Who do you need to become to get the results you want as a speaker, leader or business owner?
Let me explain what I mean.
Example 1: In charge and in control
Last week during a coaching call with Terri, she told me about an upcoming meeting with someone who always makes her feel nervous.
“I don’t know why I feel that way when I meet with him,” she told me. “It doesn’t happen with anyone else.”
Terri and I talked about it for a few minutes. “Over the years,” I said, “I’ve heard so many reasons why folks get nervous in front of certain people. Everything from losing weight to getting teased as a kid.”
Then I asked her two questions:
First, I invited her to consider why she might feel that way. Is there a trigger?
Second, I asked, “Terri, who do you need to become to have a better experience in this meeting?”
She didn’t skip a beat. “I need to become the big sister!”
“Tell me more about what that means,” I said. She told me that growing up as the big sister, she was in charge and in control in the household. “I need to go into these meetings more in charge and in control,” she said.
Brilliant. We talked about what that would look like including crafting an agenda, beefing up her facilitation skills and finding a neutral meeting space instead of his office.
Terri is still preparing and feeling much better about the possible outcomes.
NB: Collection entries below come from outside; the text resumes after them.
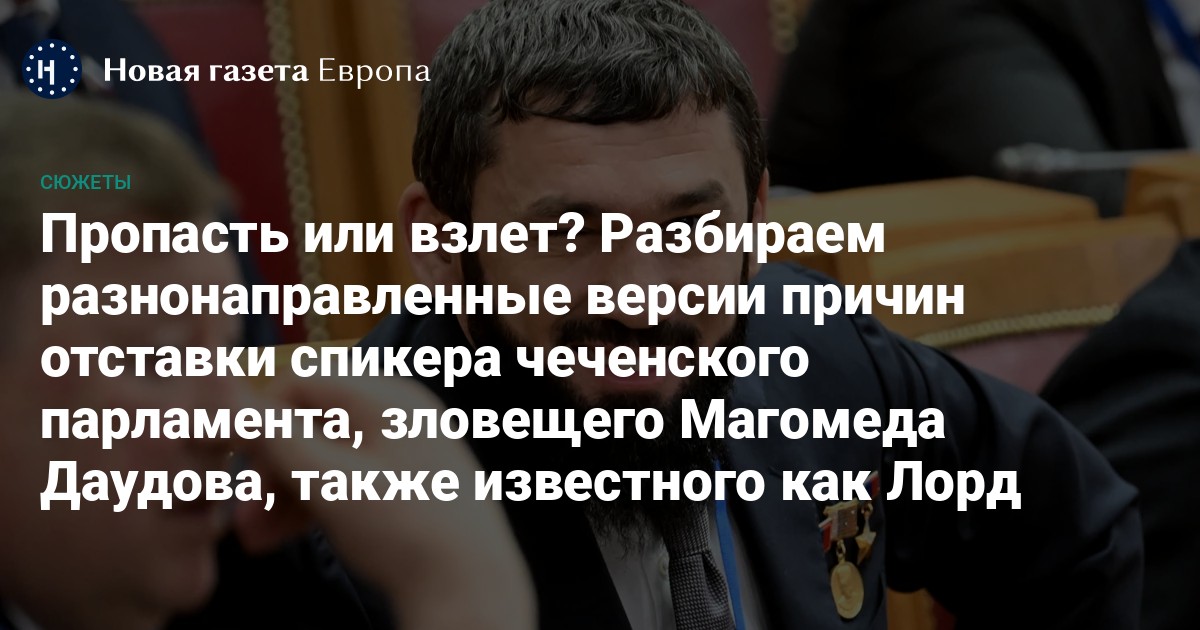 За день до того, как чеченские информагентства опубликовали новость о неожиданной отставке спикера чеченского парламента Магомеда Даудова, несколько СМИ и телеграм-каналов, специализирующихся на освещении ситуации в регионах Северного Кавказа, получили анонимные сообщения следующего содержания: «Добрый вечер. Лорда (Даудова Магомеда) говорят снимают с должности. Насколько я понял, в связи с перестановками в Москве перестановки начались и в Чечне. На днях говорят уволят его. Насколько я понял уже решенный вопрос» (орфография и пунктуация оригинала — прим. ред.).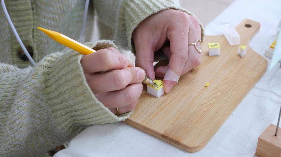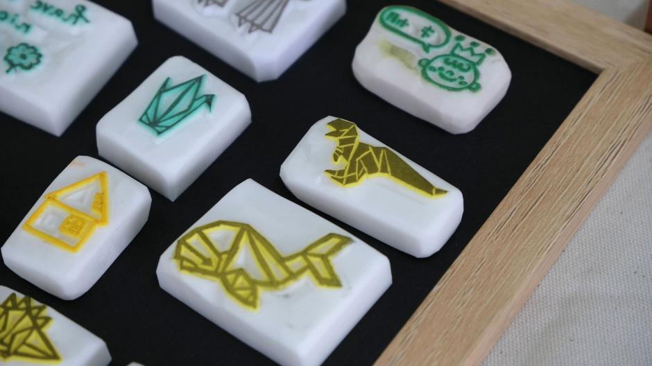 消しゴムはんこを彫っています。シール、布、付箋などなどお好きなところに押してください。お客様に楽しく使っていただければ幸せです。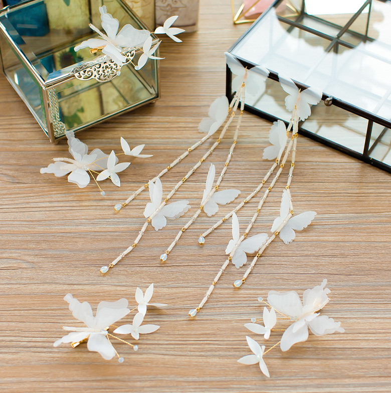 Korean brides long flowers, butterflies, butterflies, Juan, yarn, hairpin, ear and ear, ear, ear, ear and ear, wedding and wedding wedding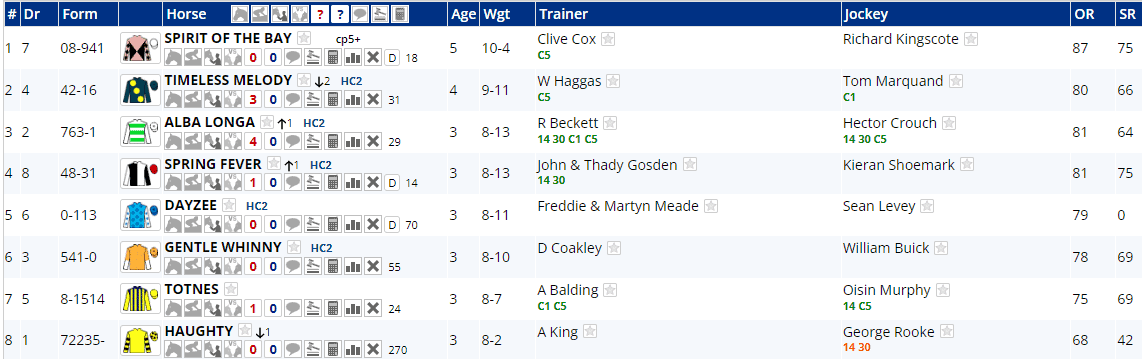 Three of these (Spirit of the Bay, Alba Longa & Spring Fever all won last time out, whilst Haughty is the only maiden in the field, albeit off just five starts. half of the field ran at this Class 4 level last time out, but Timeless Melody drops in from Class 2 and haughty is down one class, whilst Alba Longa and Spring fever both step up one level.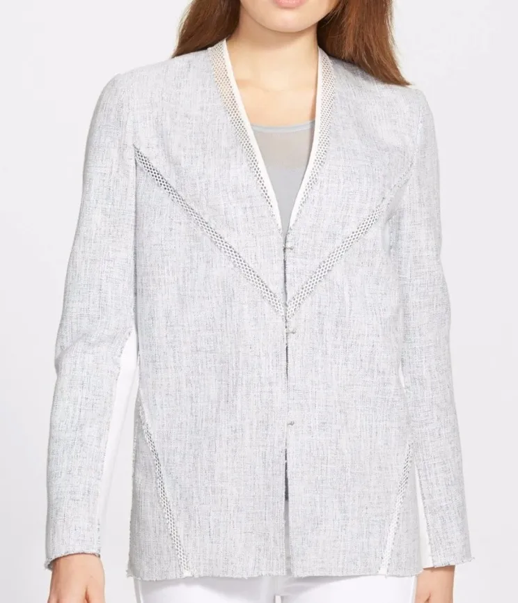 Elie Tahari Mixed Media Blue Tweed Cream Faux Leather Mesh Jacket Blazer size XS - $90 - From Aimee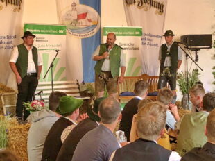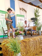 Foto 1: Sepp Hofmeyer moderiert die Diskussion mit BBV Präsident Günther Felßner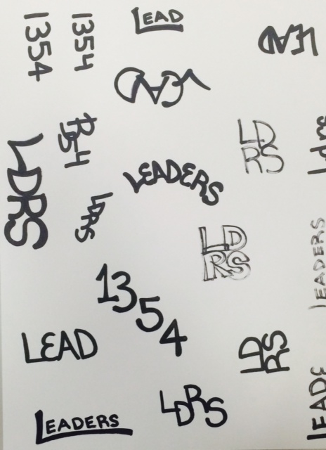 Then I took the images and digitized them using adobe illustrator to allow for optimal screen printing quality. In Illustrator I was able to best arrange the faces together. I then wrote “Lead” “Leaders” “LDRS” and “1354” in many fonts using oil based paint marker to solidify that this piece is made for Leaders. Some of my fonts ended up on patches, one ended up on the final design of the t-shirt.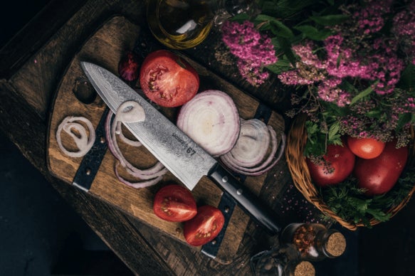 幻想的なダマスカス鋼のブレードは見た目も美しく、食材がスパッと切れる心地よさは世界中のプロの調理人たちを魅了。

Example 2: You, too, are an executive
Nancy’s company had been recently acquired when she was invited out to the parent company head quarters in CA to present. She was feeling uneasy for a couple of reasons. First, she wanted to prove she has what it takes to present and lead. Second, she was concerned that so many executives, some wearing suits, would be in the room.
Although her company is smaller than some of the others, Nancy is an executive in her firm – VP of Finance. She has decision-making responsibility, manages a staff and is getting groomed to take over the whole firm when the current executive team retires.
“Nancy,” I said looking straight into her eyes. “You, too, are an executive.”
She looked back at me and nodded in agreement. So, we spent time preparing her talk to reflect that status. In her slide deck she replaced bullet points with images of her team and made sure her talk included lots of stories (the language of leadership is story not data.)
She rocked the presentation and proved to herself and others that she has what it takes to lead.
Example 3: Communicating with power (my personal experience)
After a recent workout, the trainer, James, said, “Stacey you have great endurance and stamina. We need to work on your power.”
His comment made me pause. See, I believe that how we do exercise is how we do everything. And for years I’ve committed to daily exercise for health and longevity. That same process is true in my business. I’m in it for the long haul. But to grow the way I want to grow, I need to approach my work and my business with more “power”.
In that first story about Terri? Asking her who she needs to become was me communicating with more power. Using more expressive words to talk about my work is me communicating with more power. It doesn’t have to be a big shift to be powerful.
Who do you need to become to get the results you want?
In a world filled with messages to “be yourself” and “be authentic”, sometimes we need to ask, “Who do I need to become?”
Not to become inauthentic or less genuine. But to continue stepping into our fullest potential as business owners and leaders.